Pour cerner les raisons d’une telle allégresse, d’une telle expression d’espérances, il suffira de jeter un regard rétrospectif sur le panorama désolant que le peuple a traversé pendant ce dernier quart de siècle.
Ceux qui, au lendemain du 3 avril 1984, s’étaient donné pour mission noble et exaltante de sortir la Guinée de ce désastre politique et économique dans lequel la Première République l’avait plongée, avaient fini, hélas, par s’accommoder des ‘‘4x4, grosses cylindrées japonaises’’ et du port de grands boubous brodés jusqu’aux genoux. Ce fut la ‘‘mode CMRN’’ qui donna le signal fort de ce que la Guinée allait connaitre comme dérapages dans tous les secteurs de la vie nationale, régionale et locale. L’Etat, déficitaire en matière de morale et d’éthique, avait fini par perdre de sa capacité d’obliger les acteurs de la société à remplir correctement les obligations que leur imposaient les buts collectifs. Aux yeux des bailleurs de fonds et des investisseurs privés, l’Etat n’avait plus de crédibilité.
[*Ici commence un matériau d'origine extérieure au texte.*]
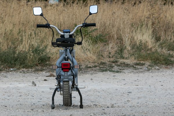 Engedjük előre a kisebbet. A Makka Flex messziről felismerhető, ránézésre félúton jár a bicikli és a robogó között. A nyereg, a nyeregmagasság állítása, a külső burkolatok hiánya, illetve a kormányszár és a kormány kialakítása egyértelműen a hagyományos kerékpárokra emlékeztet, viszont mivel nincs rajta sem lánc, sem pedig szíj, meg persze pedál helyett is csak lábtartó van, így egyértelmű, hogy egy agymotoros robogóval állunk szemben. A dizájn jelentős részét a váz adja, ez egy 6061-es alumíniumból extrudált, kovácsolt, hegesztett és végül festett egység, eleve elég feltűnő, a különféle kiegészítők ráaggatásával pedig minden egyes gépet egyedivé lehet varázsolni.

En dépit de tout, les membres de l’appareil de l’Etat, à quelques rares exceptions, constitués en castes de privilégiés, étaient tous enclins à rejeter systématiquement et à combattre avec force toute velléité de changement menaçant leur statut de barons du régime ou de bourgeois compradores. C’est pourquoi les élections nationales et locales organisées pour la forme jusque-là, n’avaient été que pure mascarade.
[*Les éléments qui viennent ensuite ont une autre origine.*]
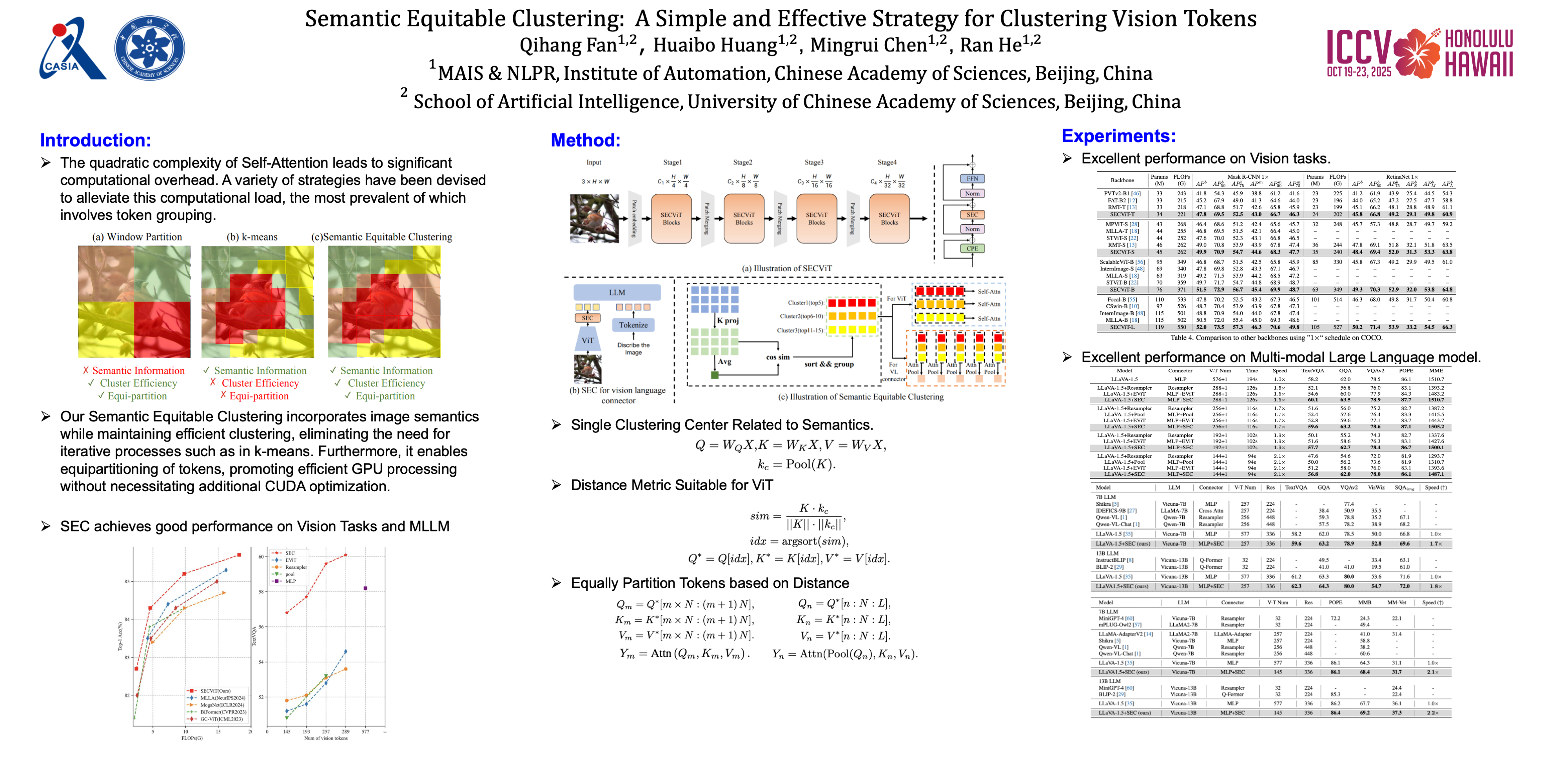 he Vision Transformer (ViT) has gained prominence for its superior relational modeling prowess. However, its global attention mechanism's quadratic complexity poses substantial computational burdens. A common remedy spatially groups tokens for self-attention, reducing computational requirements. Nonetheless, this strategy neglects semantic information in tokens, possibly scattering semantically-linked tokens across distinct groups, thus compromising the efficacy of self-attention intended for modeling inter-token dependencies. Motivated by these insights, we introduce a fast and balanced clustering method, named Semantic Equitable Clustering (SEC). SEC clusters tokens based on their global semantic relevance in an efficient, straightforward manner. In contrast to traditional clustering methods requiring multiple iterations, our method achieves token clustering in a single pass. Additionally, SEC regulates the number of tokens per cluster, ensuring a balanced distribution for effective parallel processing on current computational platforms without necessitating further optimization. Capitalizing on SEC, we propose a versatile vision backbone, SECViT. Comprehensive experiments in image classification, object detection, instance segmentation, and semantic segmentation validate to the effectiveness of SECViT. Remarkably, SECViT attains an impressive 84.3% image classification accuracy with only 27M parameters and 4.6G FLOPs, without the need for for additional supervision or data. Moreover, SEC can be conveniently and swiftly applied to multimodal large language models (MLLM), such as LLaVA, to serve as a vision language connector, effectively accelerating the model’s efficiency while maintaining unchanged or better performance.

L’autoprotection qui a permis à ce régime de perdurer provenait en grande partie de la fidélité de l’armée au Général Président, mais surtout de sa puissante organisation caractérisée par une symbiose, une réelle complicité entre le monde des affaires, la haute administration et le pouvoir politique ou décisionnel.
L’appareil de l’Etat était bel et bien pourri par l’action nocive de cette mafia, structurée en toile d’araignée. Cette putréfaction avait fini par affecter et infecter tout le système politique, c’est-à-dire l’ensemble des inter-actions politiques au sein de la société guinéenne, devenue inefficace parce que, incapable de répondre comme il faut aux impulsions du milieu.
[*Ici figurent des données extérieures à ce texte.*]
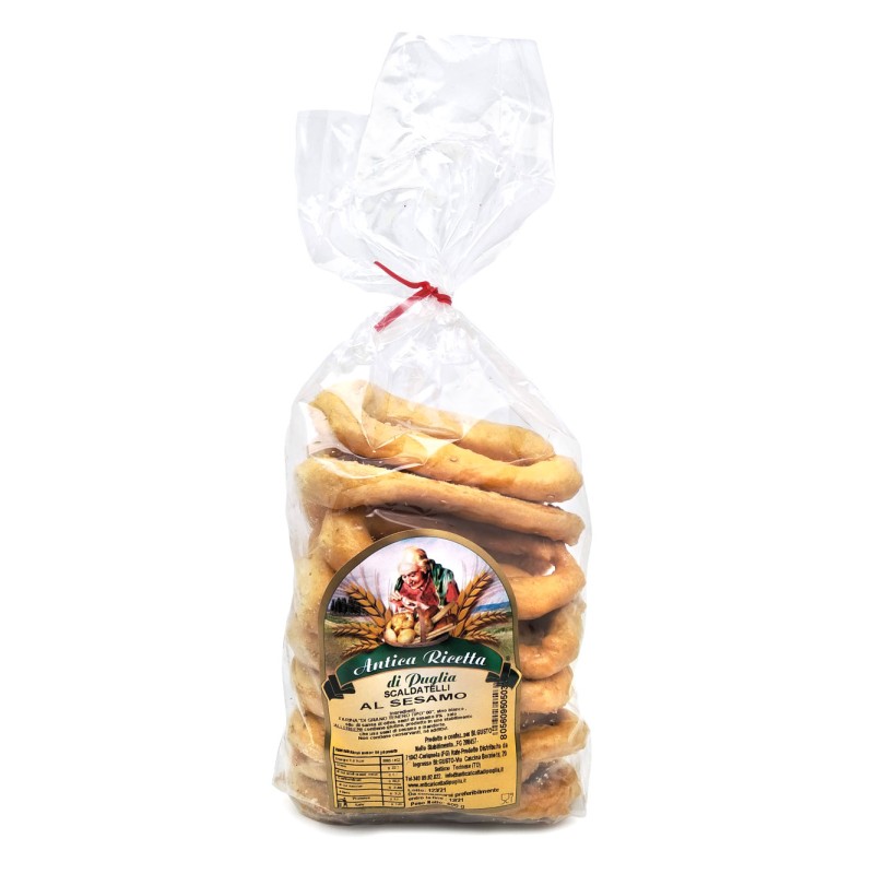 Scaldatelli. Taralli tradizionali pugliesi realizzati a mano con farina di grano tenero “00”, vino bianco e Sesamo. Senza l’utilizzo di conservanti né additivi confezione: 350 gr ingredienti:

Il faut ajouter par ailleurs que la mauvaise compréhension du multipartisme intégral et l’inexistence d’une base solide, d’une plate-forme de concertation périodique entre les partis et les différents groupes d’intérêts constitués, ont été quelque peu responsables du faible niveau de socialisation politique, sans laquelle évidemment, le citoyen ne peut partager avec son milieu, des idées, des opinions, des valeurs et communier avec lui dans la même culture.
D’autre part, le Code électoral guinéen et la Charte des partis politiques ne favorisant pas l’émergence de listes indépendantes à l’occasion des consultations électorales, les astucieux ont su contourner cette barrière et s’atteler rapidement et sans peine à la formation de partis politiques à faible armature, sans siège et sans structure agencée du niveau national au niveau local. Et d’ailleurs, parmi la soixantaine de partis en activités, très peu ont pu, comme l’Upr, organiser des Congrès nationaux pour élire leurs directions nationales afin de leur conférer de la crédibilité et de la légitimité, surtout après plus de cinq ans, depuis qu’ils possèdent un agrément de reconnaissance.
L’exercice démocratique, avant tout, doit se pratiquer d’abord à l’intérieur du parti. En plus, il a été constaté qu’avec cette pluralité de formations politiques qui complique le jeu démocratique, chacune ne campe que sur une position exiguë, n’exprime que des exigences d’une clientèle limitée, d’une subculture, si on peut le dire. En devenant le porte-parole d’une catégorie particulière, il a été jusque là impossible de trouver une harmonie entre différentes revendications, de sceller des alliances solides et d’aboutir à une agrégation d’intérêts, toute chose indispensable pour parvenir au vrai changement souhaité par la plus grande majorité du peuple.
C’est donc en raison de tous ces obstacles qui ont entravé durant des décennies la marche en avant du pays vers une démocratie et un développement véritables que, « l’Après Conté » avait eu, à un moment donné, à faire couler beaucoup d’encre et de salive, à susciter autant d’intérêts que d’inquiétudes, au point que de nombreux analystes et commentateurs, de l’intérieur comme de l’extérieur, avaient prédit que le vrai changement ne pouvait provenir que d’une force organisée : l’armée .
Quoique cette alternative soit une négation des principes de la démocratie moderne, elle était incontournable. Et il fallait la concevoir et l’accepter, la classe politique guinéenne s’étant montrée peu habile à déjouer les plans machiavéliques, est restée divisée sur l’essentiel.
La Guinée, ce beau pays chanté pour ses énormes potentialités, était bien malade : malade de son président malade, disaient les uns ; malade de son système de gestion politique, économique et social, affirmaient les autres.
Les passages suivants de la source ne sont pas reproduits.